(The problem):
Take the records below from their first line through the line holding "Recently, the editor-in-chief", and set each of those lines down exactly, without pictures.

(Records to process):
###

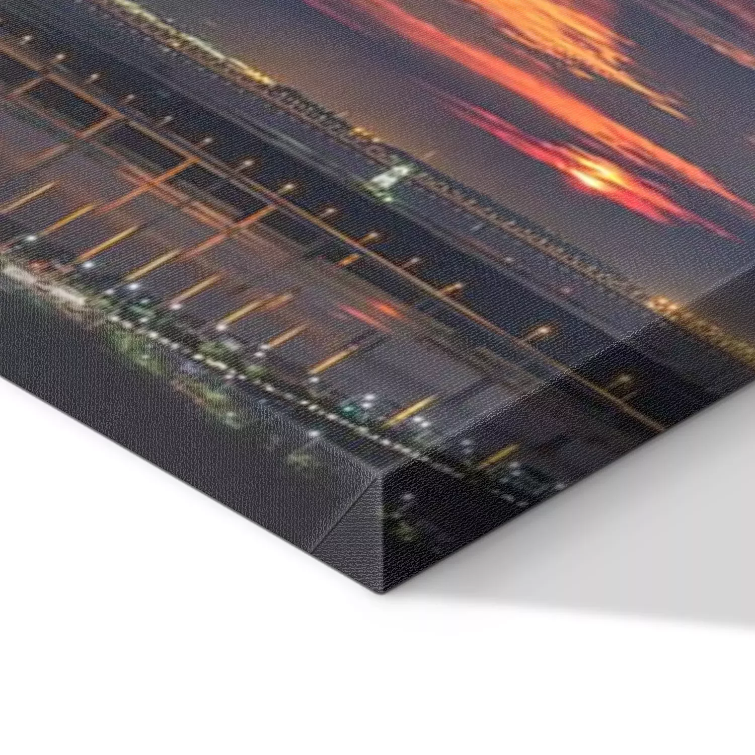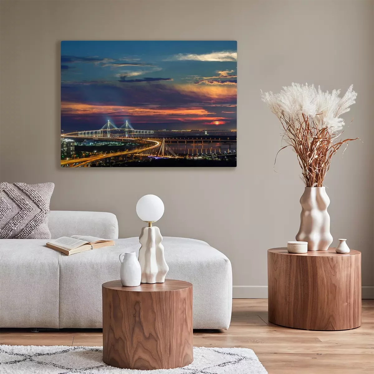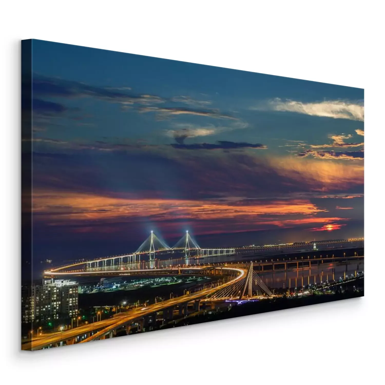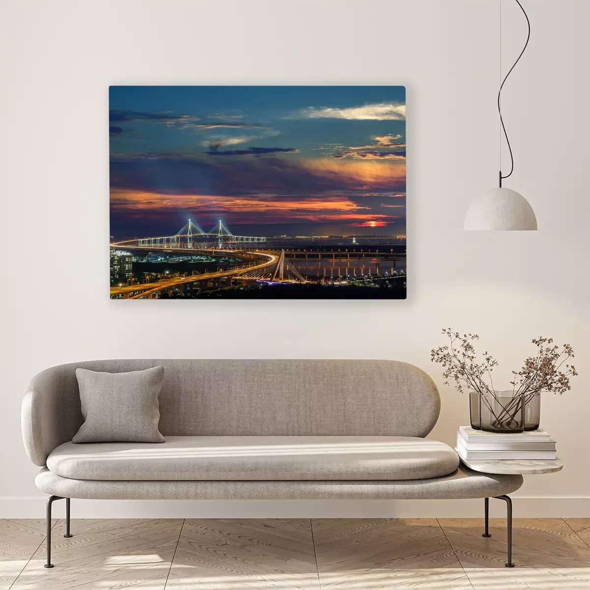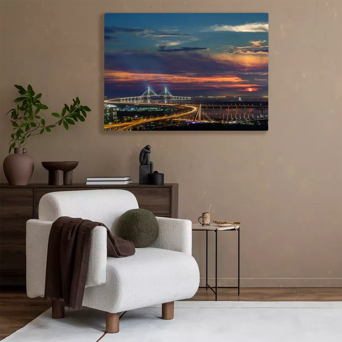 Tableau  Coucher de soleil, Incheon, pont, nuit, Seouth, Corée.
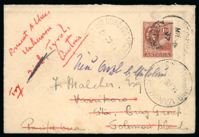 Antigua 1937 (MR 8) cover to Vanikoro, Solomon Islands bearing single franking 1 1/2d tied unclear cds, to left arrival cds of 14 OC, the envelope apparently not called for and redirected to Zirl, Tyrol, Austria with despatch date stamps front and back of 16 FE 38, there is no final arrival but there is a manuscript note stating arrival as 31 Mai 1938; fine and most unusual. (Image)
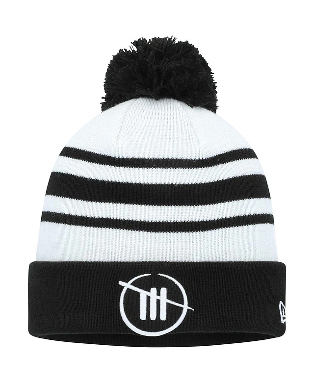 Men's New Era White, Black Trackhouse Racing Team Collection Cuffed Knit Hat with Pom
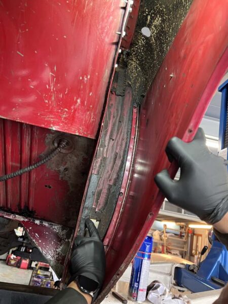 リアフェンダー内側、そしてホイールハウスもだいぶ作業が進み、ボディパネルが見えるまでになりました。
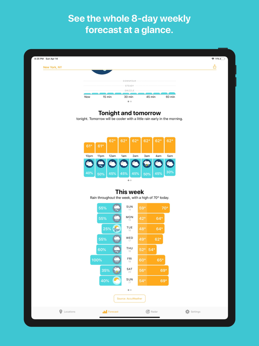 Hello Weather is more than a pretty face. It’s powered by the world’s best data sources, like Apple Weather, AccuWeather, Foreca, The Weather Company, and Tomorrow.io. Pick the provider that's best in your area, or switch back and forth to compare. (Upgrade required.)
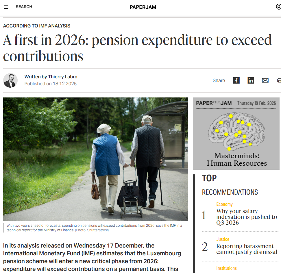 Recently, the editor-in-chief of Paperjam, Thierry Labro, noted in an in-depth article titled A First in 2026: Pension Expenditure to Exceed Contributions that, according to an analysis released on Wednesday, 17 December, the International Monetary Fund (IMF) estimates Luxembourg’s pension scheme will enter a new critical phase from 2026 onward, with expenditure permanently exceeding contributions. Also the Ministry of Health and Social Security in there website mentioned about the Pension System Adjustments from 2026. Click here to read
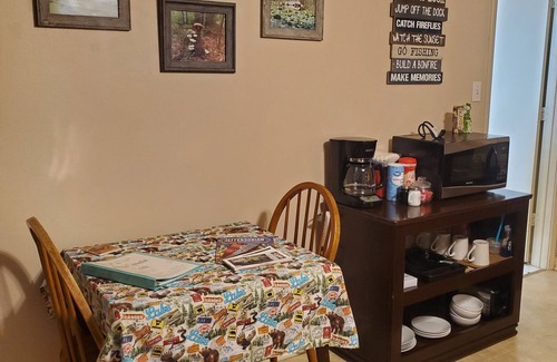 Here at the Hideaway you have your own private porch with outdoor table and chairs. Plus 2 recliner chairs. Your private entrance has a security digital lock that you get the code sent to you the morning of your arrival. There is an outside grilling area that is available for cooking your meals. Along with the smoker/charcoal grill there is a 2 burner Coleman propane stove for cooking too. Inside there is a microwave and toaster. For entertainment there is a 32" TV (only local channels available) and DVD player with a small assortment of DVD's to watch. Several of the movies were made right here at Caddo Lake. The bathroom is rather large and spacious and there are plenty of extra towels in the bathroom cabinet. Even though it is attached to the main structure it is totally secluded with its own private porch and entrance and you will have no contact with anyone if that's your preference. Everything here at the Hideaway is all yours and nobody else is around, just total privacy for you and yours! But we are nearby and available anytime if needed. The cabin is great for 2 adults but can accommodate a max of 3 persons. We recommend a minimum age of 13 for all cabin guests. For more info on all we have to offer can be found on our website. Please, visit caddolakehideaway.com for complete detailed information on our facility. There you will find many more photos as well as some videos. Most all questions can be answered by visiting our site. If after you read over all we have to offer and you still have any unanswered questions please contact us and we will be more than happy to assist you. Thank you, and we look forward to hosting you.
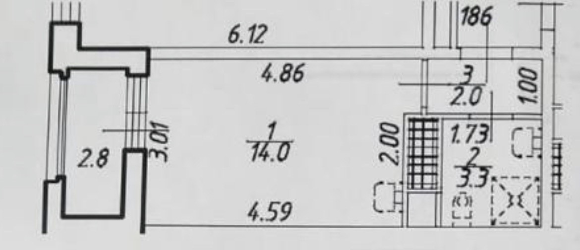 Балкон, лоджия 1 балкон
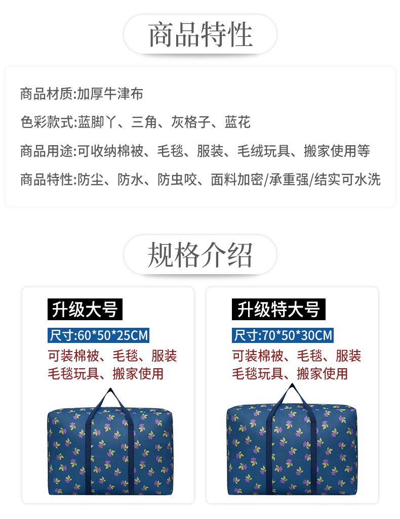 두꺼운 옥스포드 천 이동 가방 대용량 체크 수하물 가방 휴대용 여행 가방 발수 방진 보관 가방스토어 가기
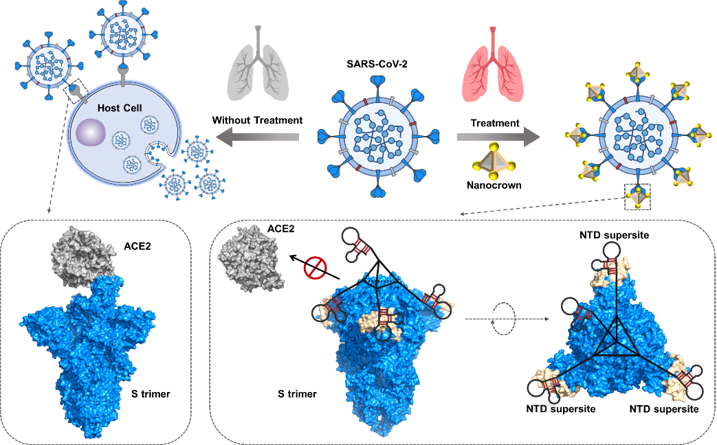 图2. 与S蛋白拓扑结构相匹配的四面体DNA纳米皇冠用于新冠病毒抑制的示意图
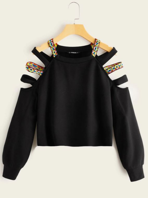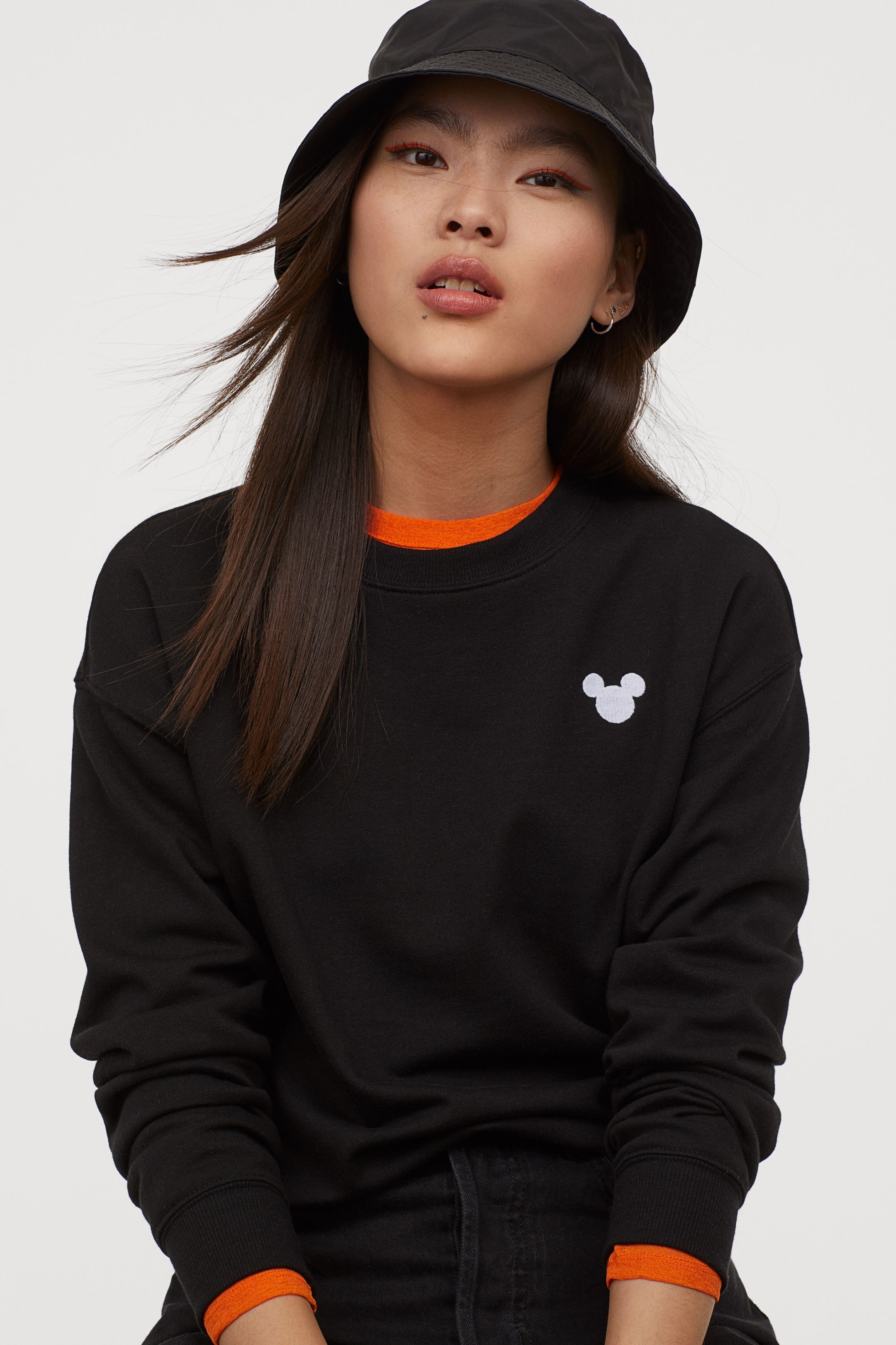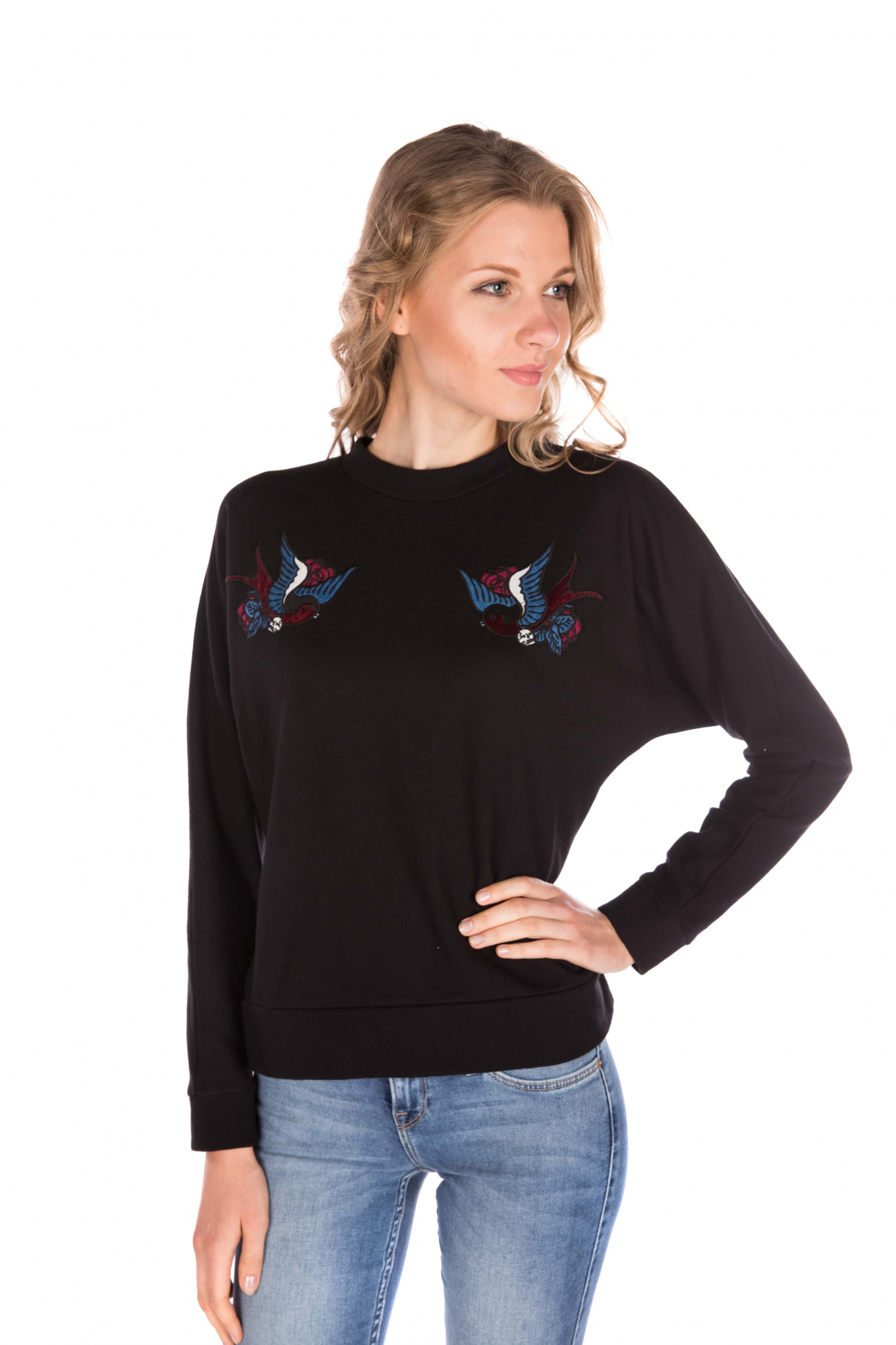 Стилист лосины со смайлами не запретил — но пару к ним стоит подобрать поспокойнее. Черный свитшот с небольшим декором подойдет к образу в стиле Наташи Королевой. Да и в гардеробе не потеряется, выручая в случае прогулки, дружеской встречи или пикника.
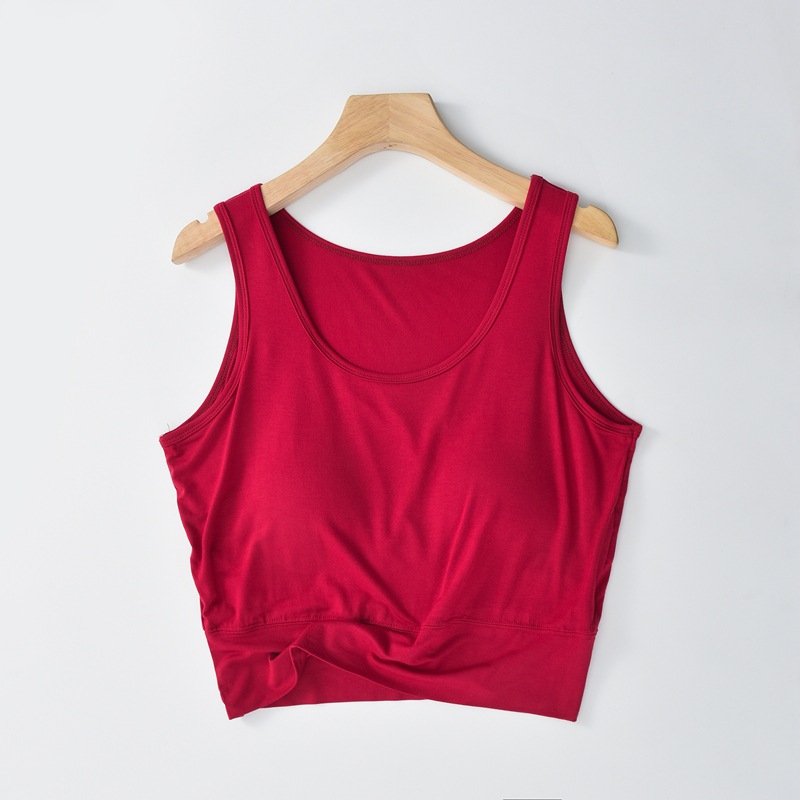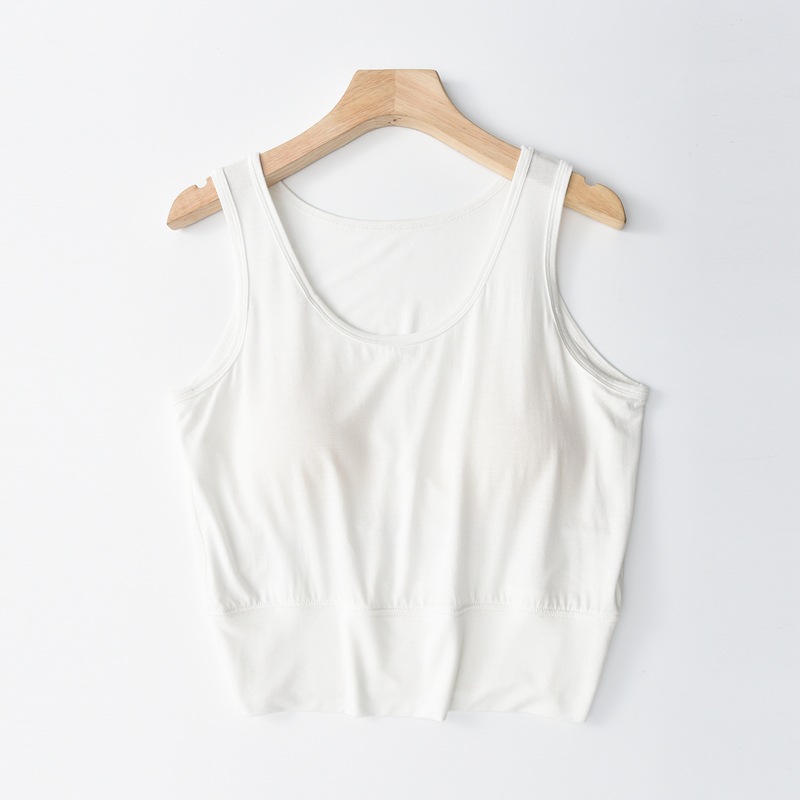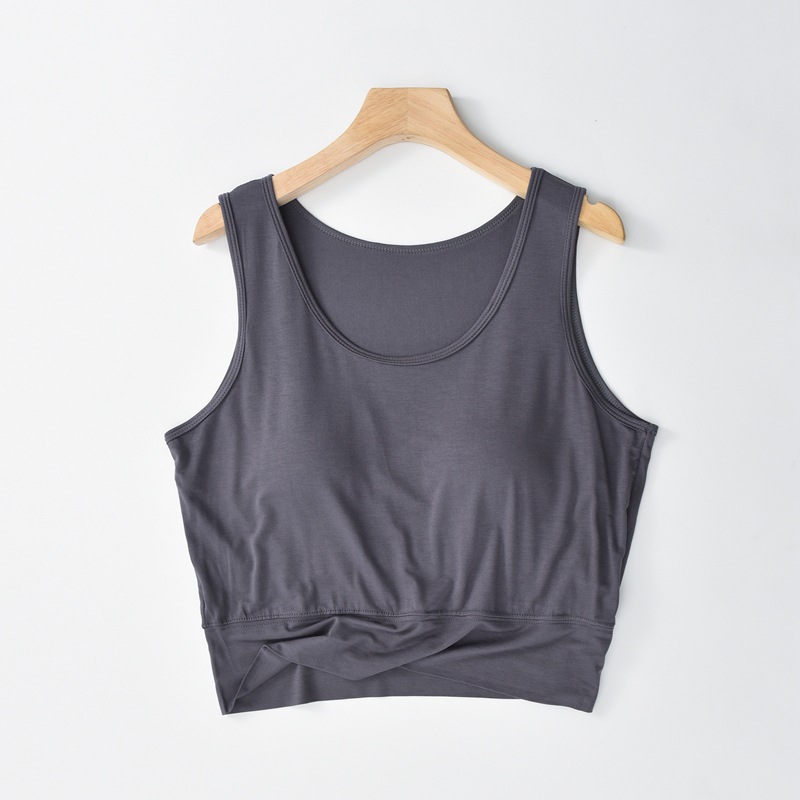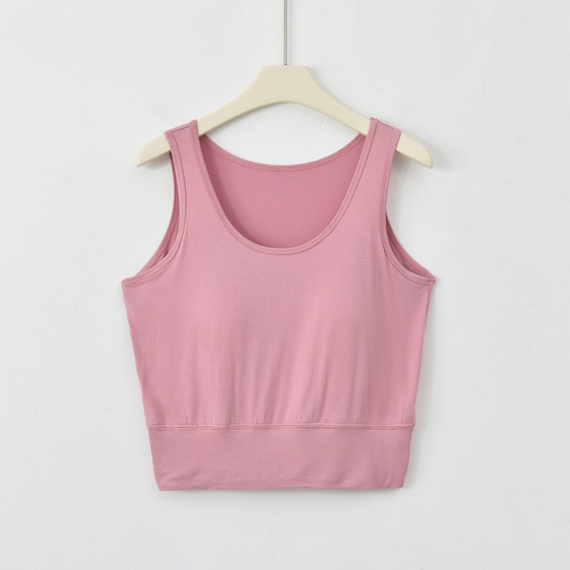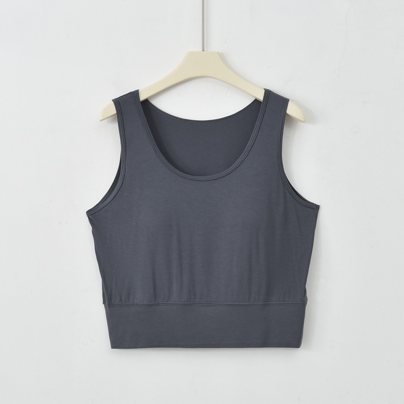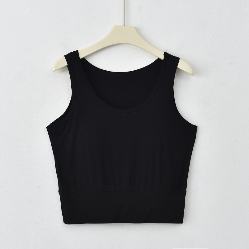 사계절 새로운 모달 가슴 패드 조끼 여성 크루 넥 스트레치 작은 슬링과 짧은 배꼽 셔츠 조끼

###

(Exercise output):
 Tableau  Coucher de soleil, Incheon, pont, nuit, Seouth, Corée.
 Antigua 1937 (MR 8) cover to Vanikoro, Solomon Islands bearing single franking 1 1/2d tied unclear cds, to left arrival cds of 14 OC, the envelope apparently not called for and redirected to Zirl, Tyrol, Austria with despatch date stamps front and back of 16 FE 38, there is no final arrival but there is a manuscript note stating arrival as 31 Mai 1938; fine and most unusual. (Image)
 Men's New Era White, Black Trackhouse Racing Team Collection Cuffed Knit Hat with Pom
 リアフェンダー内側、そしてホイールハウスもだいぶ作業が進み、ボディパネルが見えるまでになりました。
 Hello Weather is more than a pretty face. It’s powered by the world’s best data sources, like Apple Weather, AccuWeather, Foreca, The Weather Company, and Tomorrow.io. Pick the provider that's best in your area, or switch back and forth to compare. (Upgrade required.)
 Recently, the editor-in-chief of Paperjam, Thierry Labro, noted in an in-depth article titled A First in 2026: Pension Expenditure to Exceed Contributions that, according to an analysis released on Wednesday, 17 December, the International Monetary Fund (IMF) estimates Luxembourg’s pension scheme will enter a new critical phase from 2026 onward, with expenditure permanently exceeding contributions. Also the Ministry of Health and Social Security in there website mentioned about the Pension System Adjustments from 2026. Click here to read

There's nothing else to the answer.